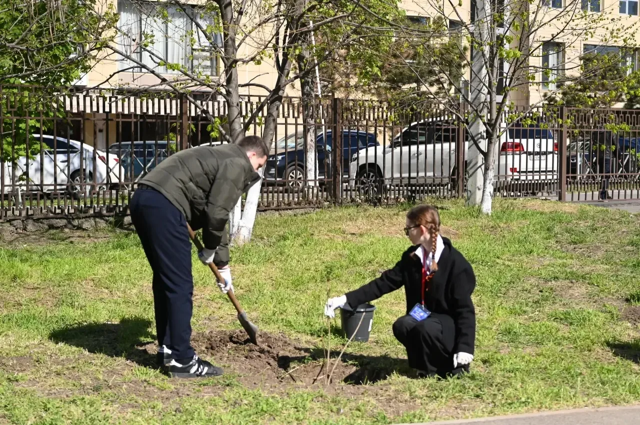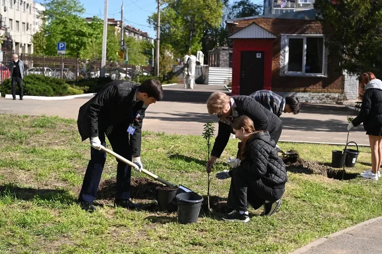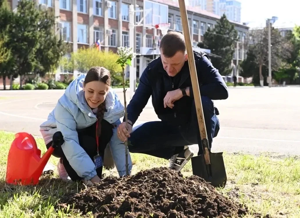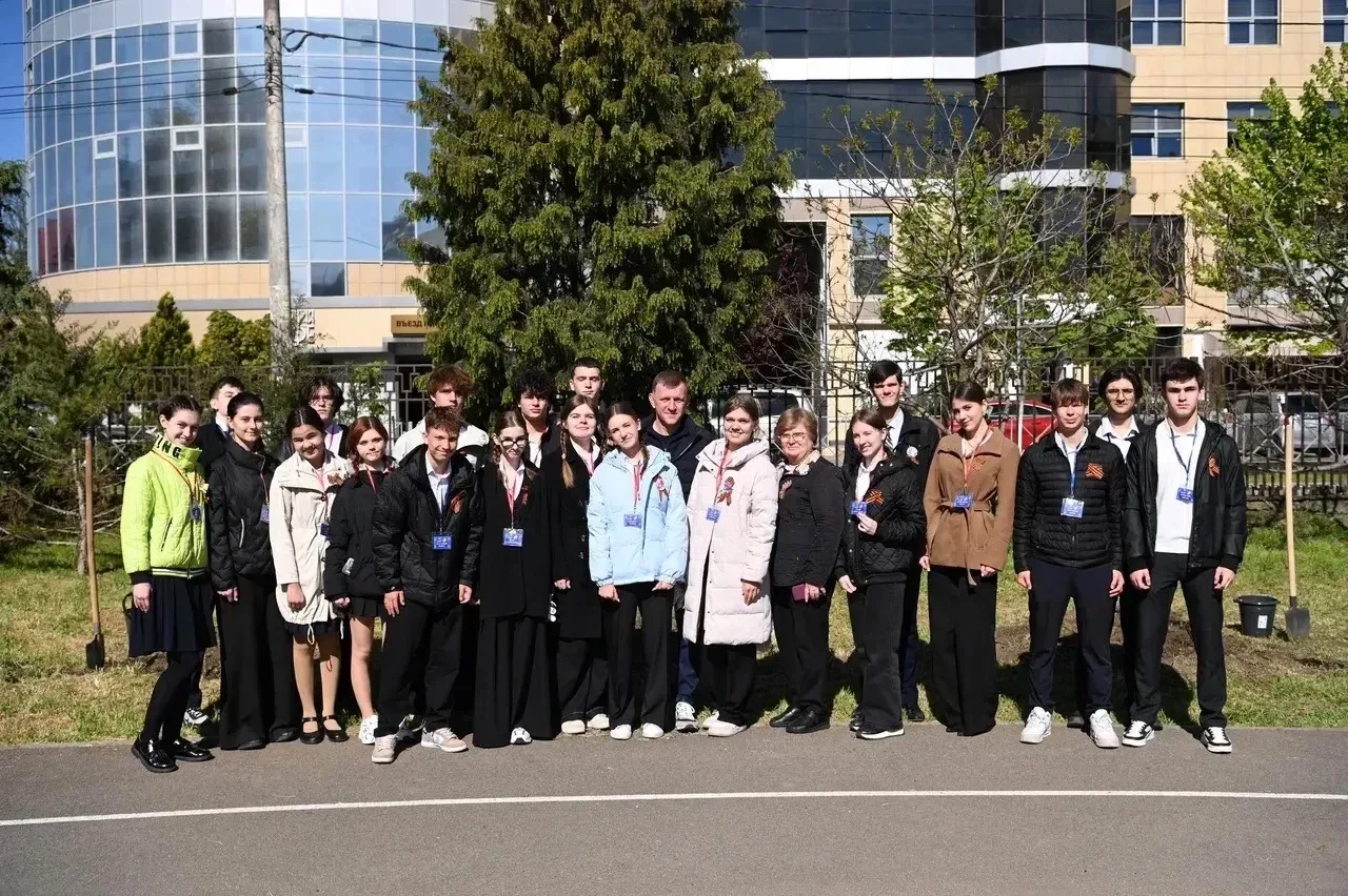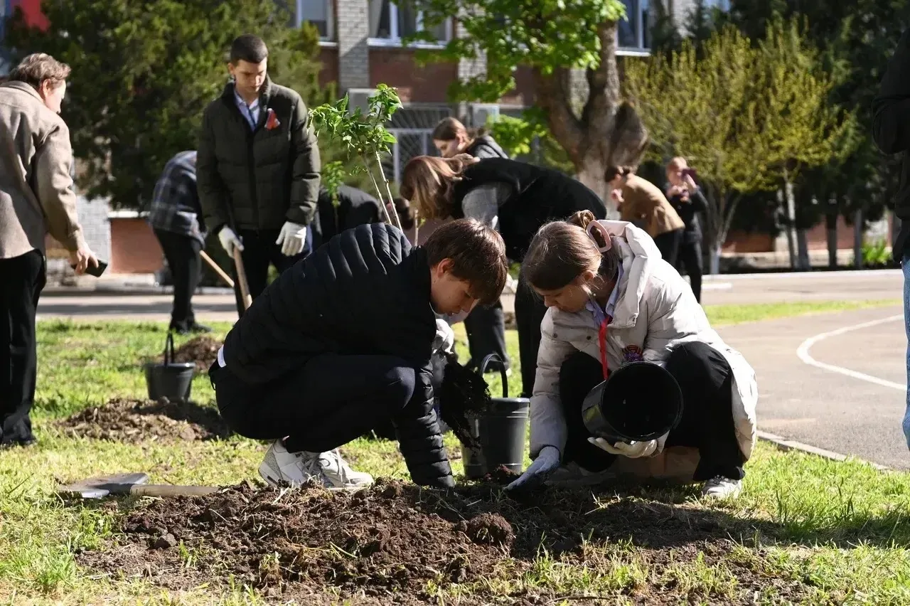 В Краснодаре глава города и школьники высадили сирень в рамках акции ко Дню Победы
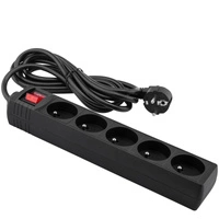 Zástrčka prodlužovacího napájecího kabelu - 5x zásuvka s uzemněním a vypínačem Napájecí proužek 5m 3x1.5mm 16A černá
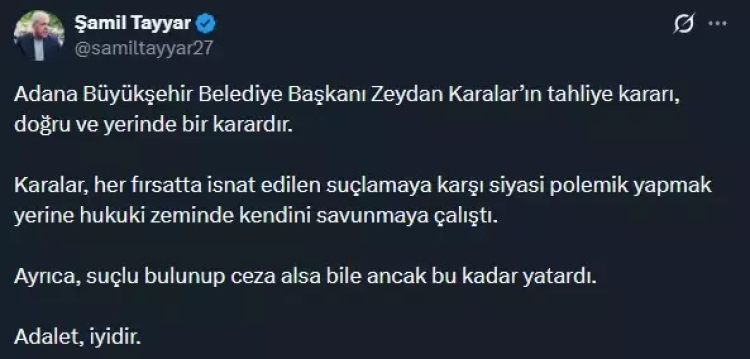 Karalar'ın tahliyesinin ardından AK Partili Şamil Tayyar'dan dikkat çeken bir yorum geldi. Sosyal medya hesabından açıklama yapan Tayyar, "Adana Büyükşehir Belediye Başkanı Zeydan Karalar'ın tahliye kararı, doğru ve yerinde bir karardır" dedi.
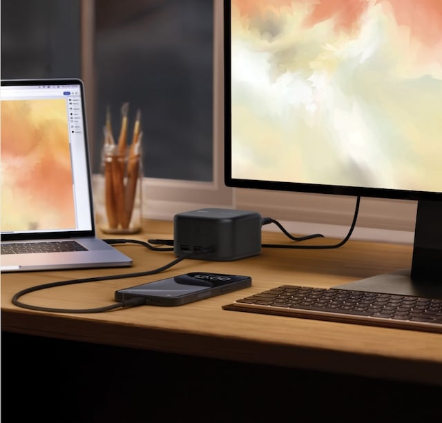 GaN power comes to your docking station with this 6-in-1 solution. This compact dock features a built in 130W GaN power supply providing 96W of power to your host device, 4K 60Hz monitor support, USB-C and USB-A ports, and up to 5Gbps of data transfer speeds.
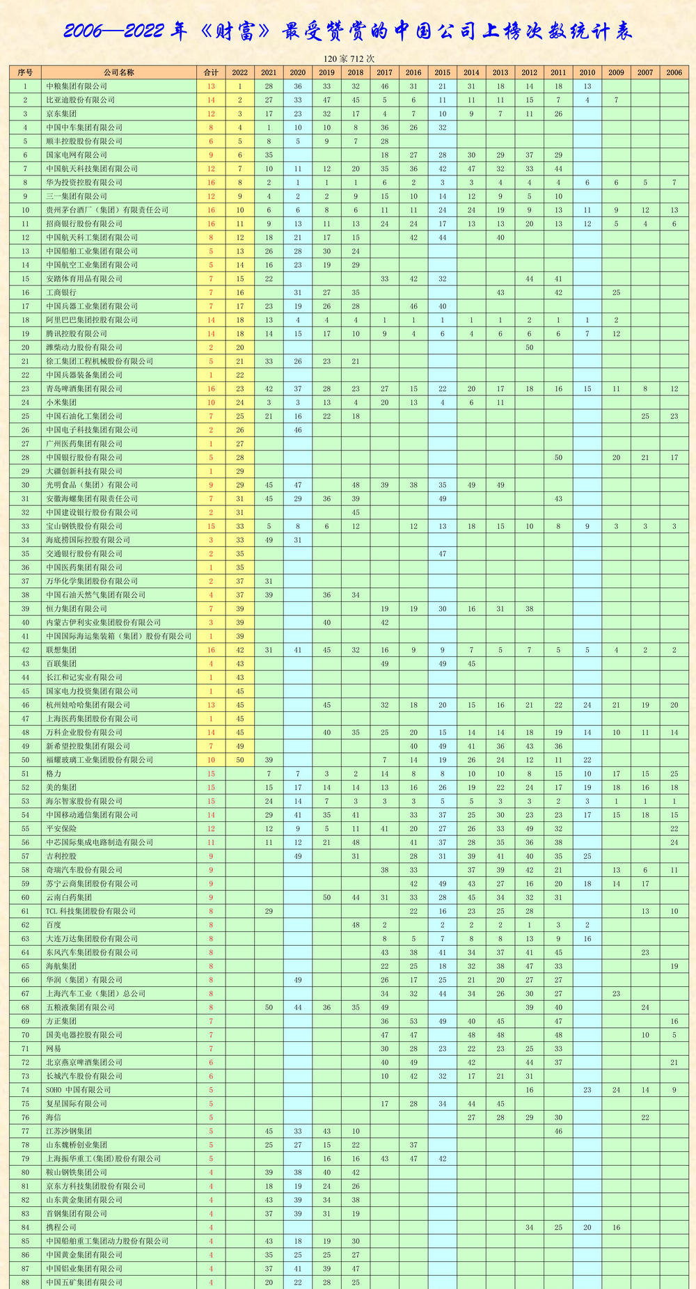 2006—2022年《財(cái)富》最受贊賞的中國(guó)公司
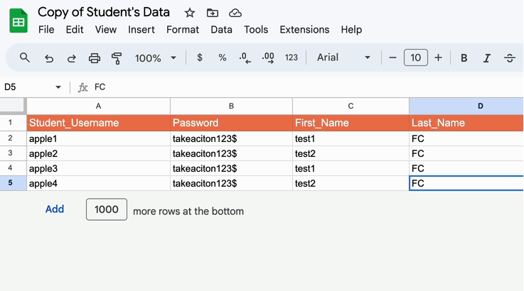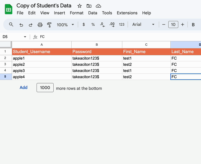 That's it! You’ve created and downloaded a Comma Separated Values (.CSV) file. Your students are now ready to be imported into Typing.com.
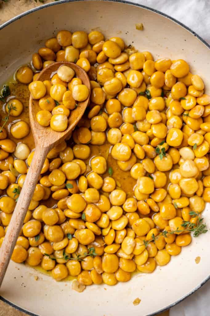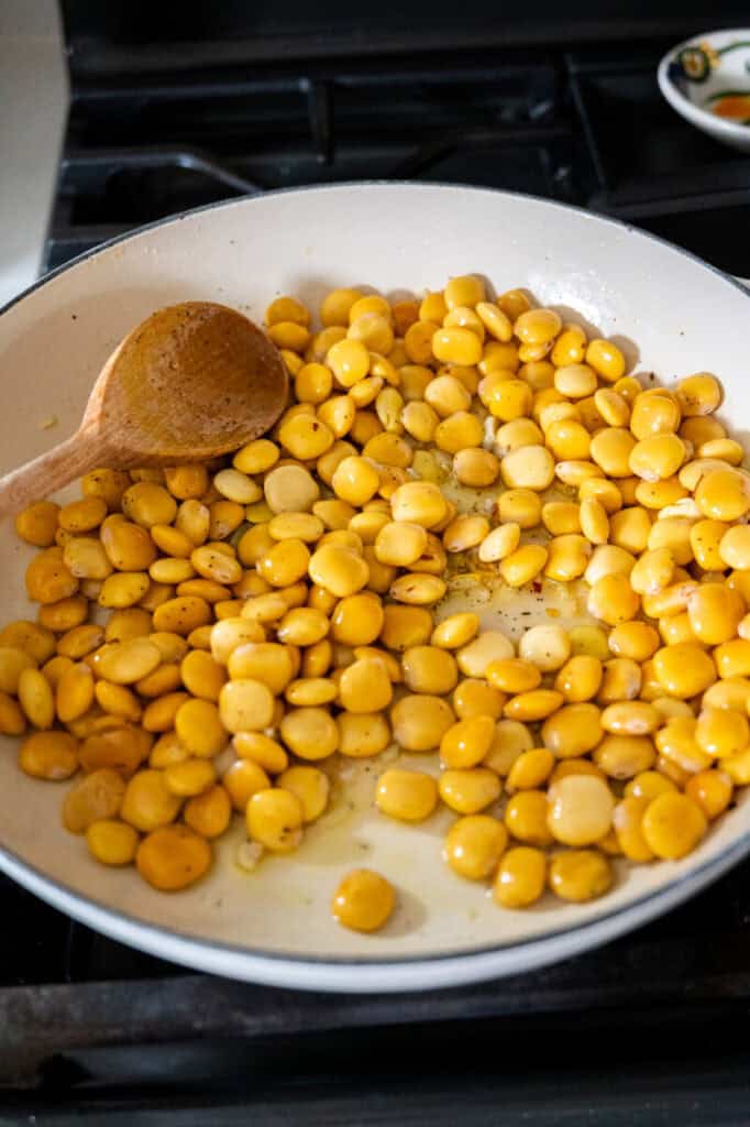 Lupini beans are often served as a simple snack, but they can also be cooked and flavored for a more elevated dish. In this recipe, I sauté them with garlic, olive oil, and a splash of chicken stock for a warm, savory preparation that's full of flavor.
※
• _Directions for this task_
Repeat verbatim the range of lines that opens at the line containing "2006—2022年《財(cái)富》最受贊賞的中國(guó)公司" and closes at the last line of the entries, excluding all pictures.

• _Worked solution_
 2006—2022年《財(cái)富》最受贊賞的中國(guó)公司
 That's it! You’ve created and downloaded a Comma Separated Values (.CSV) file. Your students are now ready to be imported into Typing.com.
 Lupini beans are often served as a simple snack, but they can also be cooked and flavored for a more elevated dish. In this recipe, I sauté them with garlic, olive oil, and a splash of chicken stock for a warm, savory preparation that's full of flavor.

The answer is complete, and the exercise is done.